Within each country, the probability of each of these branches was estimated directly from the CLIP trial surveillance and POM databases. Standard errors for these probabilities were estimated and adjusted for the clustered structure of the data, and associated mean costs were estimated for each branch. Community engagement costs were assumed to be distributed evenly across the varying POM contact frequency groups. All other costs (CHW training and incentives, supplies, drugs) were distributed on a per contact basis, meaning branches on the tree corresponded to groups with more POM-guided contacts and associated costs, to appropriately estimate the associated implementation cost of each frequency (‘scenario’) of the intervention.
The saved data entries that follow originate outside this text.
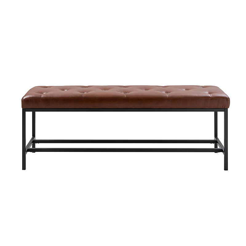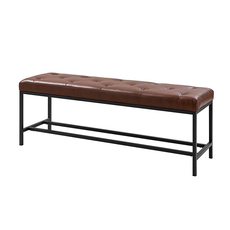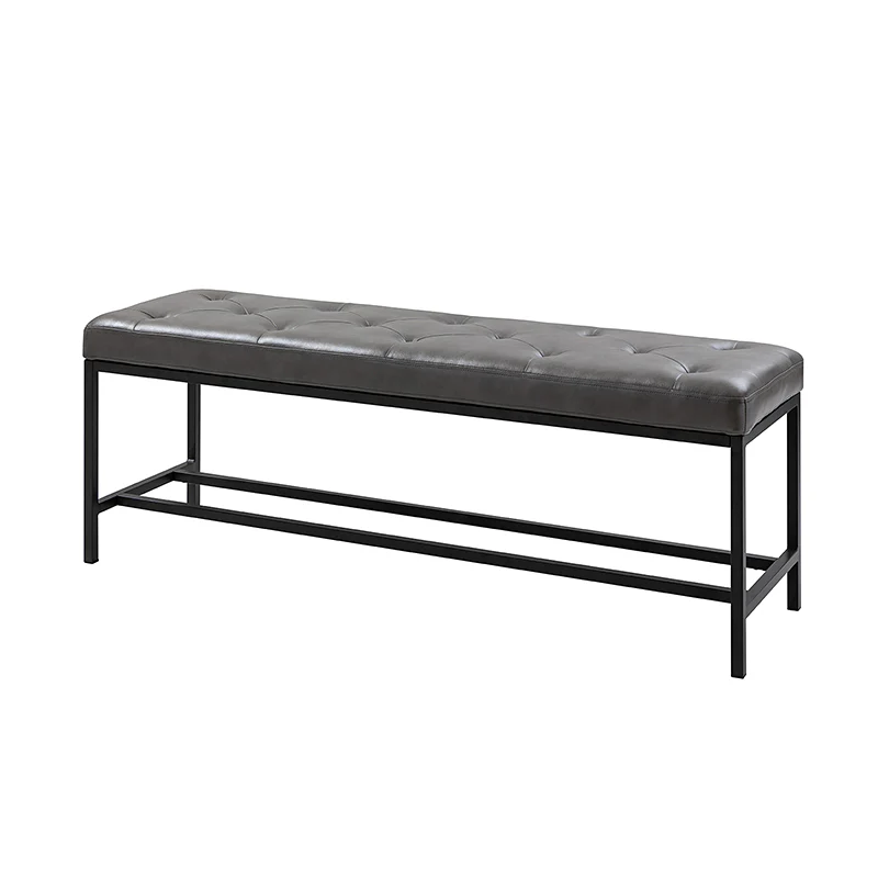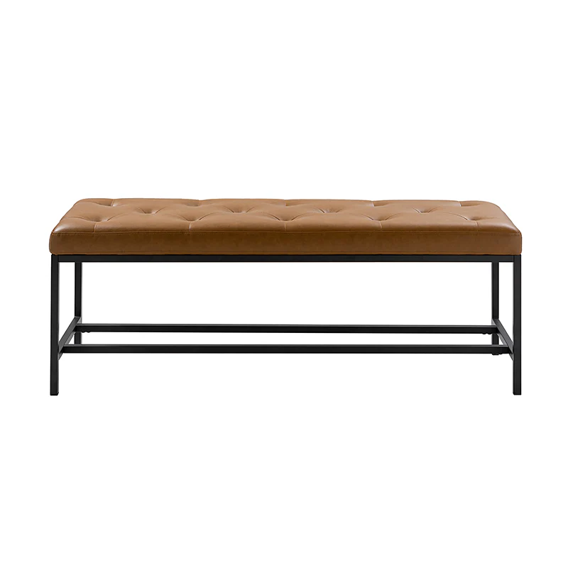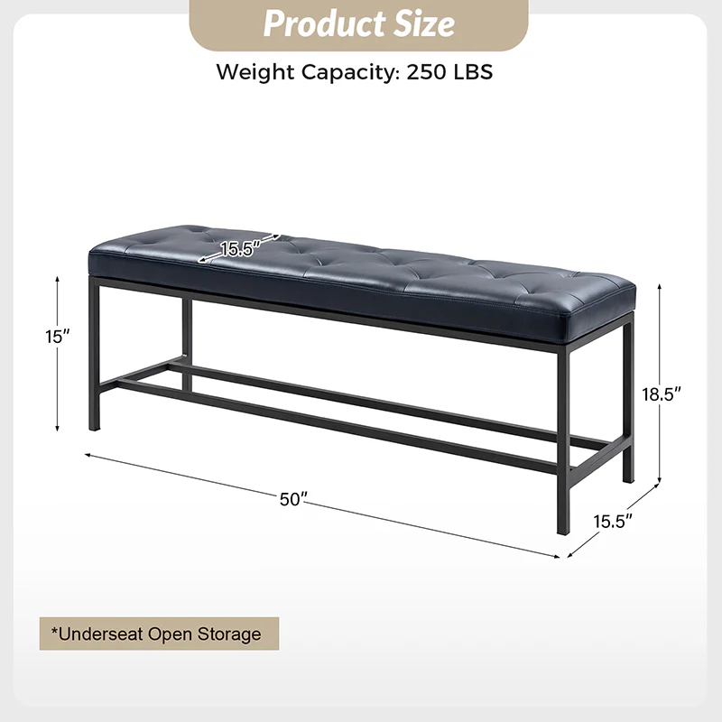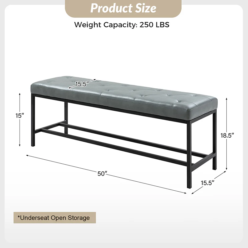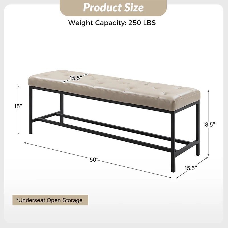 Presenting the epitome of elegance, behold this exquisite bench that flawlessly combines the finest elements of industrial, contemporary, transitional, vintage, and modern styles. Crafted with meticulous precision, its vegan leather upholstery showcases its timeless beauty and ensures effortless cleaning. With its versatile placement options, this bench becomes a dining companion, an end-of-bed luxury, a comfy footrest, or even a makeshift coffee table, adapting effortlessly to your ever-changing needs. The inclusion of a storage shelf adds practicality to its charm, while the button-tufted accents elevate its sophistication. Embrace the ease of maintenance and revel in its multifunctional design, as this remarkable bench enhances your home with its aesthetics and functionality.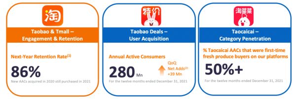 一项数据可以反映集团在这方面的成果:淘宝天猫2020年自然年的年度活跃消费者,在2021自然年的留存率高达86%。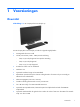 1 Voorzieningen Overzicht Afbeelding 1-1 HP Compaq All-in-One zakelijke pc De HP Compaq All-In One zakelijke pc biedt de volgende mogelijkheden: ● Geïntegreerd All-in-One model ● Full HD, LCD-scherm (1920 x 1080) met LED-verlichting ◦ 58,4 cm (23 inch) diagonaal met optische aanraking ◦ 58,4 cm (23 inch) diagonaal ◦ 54,6 cm (21,5 inch) diagonaal ● Draaikussen onder voet van standaard ● Instelbare voet ● Optioneel instelbare hoogte en leunstandaard ● Afneembaar paneel achterop het chassis

We conducted a standard probabilistic sensitivity analysis (20) to determine the uncertainty associated with our analyses. For this, probability and costs for each branch were simulated using the above parameters. Costs were assumed to have gamma distributions, outcomes were assumed to have beta distributions, and the probability of each number of POM visits was drawn from a Dirichlet distribution (Table S3). These simulations were run 10,000 times for each country and the results summarised with 95% credible intervals (as the 2.5th and 97.5th percentiles of the 10,000 runs) for the YLL, cost, and ICERs for each trial arm as well as at each intervention scenario. Results were also visualised using a cost-effectiveness plane (with points in the top, right corner considered to be cost-effective), and with willingness to pay curves and thresholds for each YLL averted (which shows for increasing cost to a decision maker the likelihood the intervention is cost-effective). Willingness to pay thresholds were based on three times the country-specific GDP/capita in 2016 (India = $5188, Mozambique = $1287, Pakistan = $4105).
All analyses were carried out using R Version 3.5.3.